**AVAILABLE DATA**
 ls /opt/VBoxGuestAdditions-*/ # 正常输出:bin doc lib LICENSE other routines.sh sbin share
--
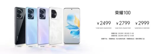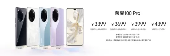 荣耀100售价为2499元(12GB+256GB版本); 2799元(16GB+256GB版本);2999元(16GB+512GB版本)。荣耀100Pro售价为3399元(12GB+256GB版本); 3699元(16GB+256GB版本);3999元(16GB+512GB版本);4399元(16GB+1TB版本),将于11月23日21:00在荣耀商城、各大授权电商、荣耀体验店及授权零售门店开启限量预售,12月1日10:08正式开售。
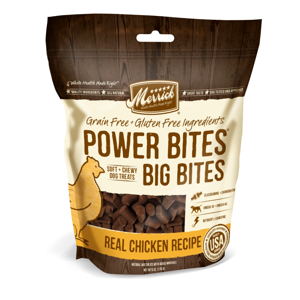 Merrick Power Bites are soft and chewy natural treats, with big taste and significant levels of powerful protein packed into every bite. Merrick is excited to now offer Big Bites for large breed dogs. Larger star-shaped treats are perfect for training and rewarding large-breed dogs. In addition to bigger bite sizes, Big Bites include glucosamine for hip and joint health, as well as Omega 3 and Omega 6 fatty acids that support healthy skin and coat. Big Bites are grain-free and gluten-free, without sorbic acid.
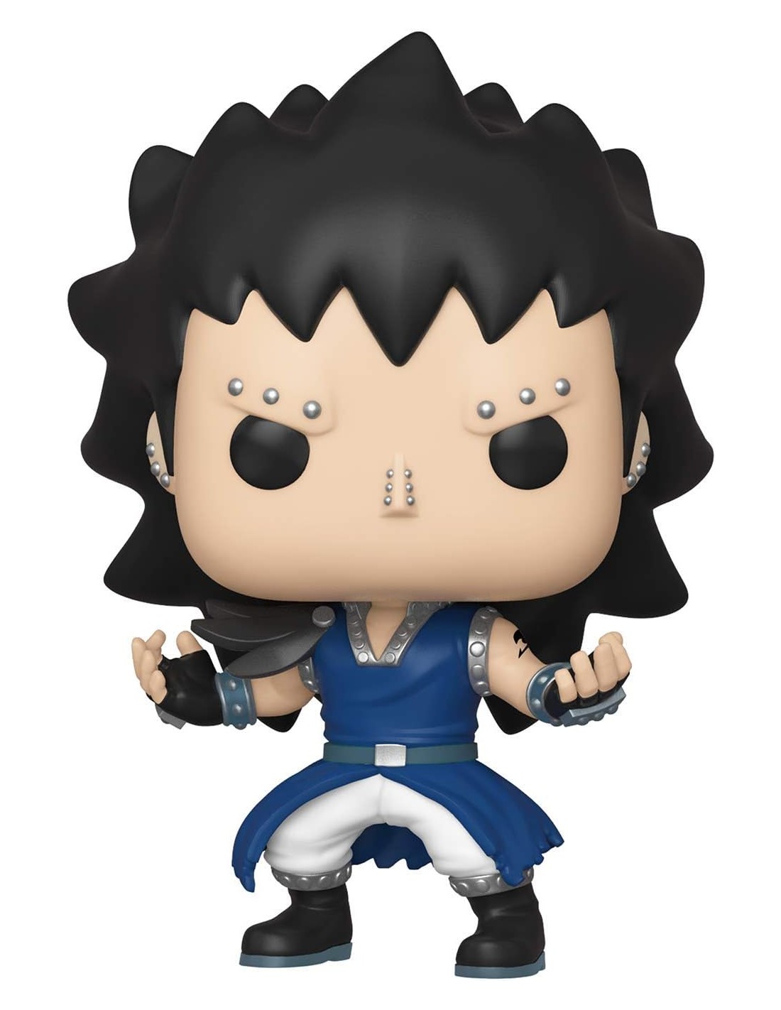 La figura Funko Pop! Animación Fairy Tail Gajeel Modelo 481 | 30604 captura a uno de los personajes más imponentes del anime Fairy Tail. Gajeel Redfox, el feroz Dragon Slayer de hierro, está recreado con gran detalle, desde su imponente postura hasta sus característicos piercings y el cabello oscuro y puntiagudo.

**BRIEF**
Each line above that falls between the line with "Merrick Power Bites" and the line with "La figura Funko" should be printed exactly, together with those two lines, but the pictures should not.

**EXERCISE OUTPUT**
 Merrick Power Bites are soft and chewy natural treats, with big taste and significant levels of powerful protein packed into every bite. Merrick is excited to now offer Big Bites for large breed dogs. Larger star-shaped treats are perfect for training and rewarding large-breed dogs. In addition to bigger bite sizes, Big Bites include glucosamine for hip and joint health, as well as Omega 3 and Omega 6 fatty acids that support healthy skin and coat. Big Bites are grain-free and gluten-free, without sorbic acid.
 La figura Funko Pop! Animación Fairy Tail Gajeel Modelo 481 | 30604 captura a uno de los personajes más imponentes del anime Fairy Tail. Gajeel Redfox, el feroz Dragon Slayer de hierro, está recreado con gran detalle, desde su imponente postura hasta sus característicos piercings y el cabello oscuro y puntiagudo.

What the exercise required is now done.